The bill would have provided given free menstrual products to communities in need, like homeless women, prisoners and girls at public schools. After all, in Brazil, period poverty keeps one in four girls out of school. When they don’t have feminine hygiene products on hand to absorb their period, they stay home from school rather than deal with the shame of bleeding at school.

According to Bolsonaro, he vetoed the bill because it “unfairly privileged one group above another” and he questioned where the funds would come from. Instead, he said that students should collect pads and tampons themselves to distribute at schools and campuses. But in Brazil—as well as other developing countries—the fix to this problem isn’t so simple.

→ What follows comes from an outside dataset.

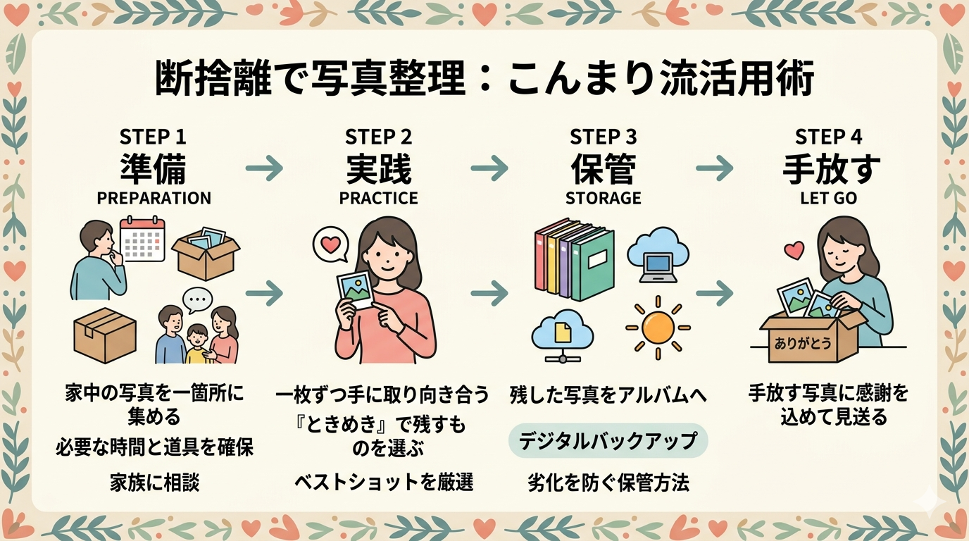 写真整理を「つらい作業」ではなく「自分の人生を振り返る豊かな時間」として捉え直せる点が、こんまり流の大きな魅力と言えるのではないでしょうか。

It’s not just access to feminine hygiene problems that’s a problem in Brazil, but the state of sanitation all together.

In May, a report by UNICEF found that, in Brazil, 200,000 girls don’t have bathrooms at school, 4 million girls don’t have “adequate hygiene facilities” at school (i.e. sanitary pads and soap) and 713,000 girls don’t have access to a bathroom at all. These unhygienic conditions paired with the social stigma of menstruation make it difficult for women and girls to lead normal lives when they’re on their periods.

Brazilian women and girls alike are frustrated by Bolsonaro’s blocking of the period hygiene bill. After Bolsonaro vetoed the bill, the hashtag #LivreParaMenstruar began trending on social media which means “free to menstruate” in Brazilian Portuguese.

“Have you ever imagined using paper, newspaper or breadcrumbs to contain menstruation?” asked Rozana Barroso, president of the Brazilian Union of Secondary Students to The Guardian. “This is a harsh reality, especially among young people. In the midst of the pandemic and worsening social inequality this situation has got even worse.”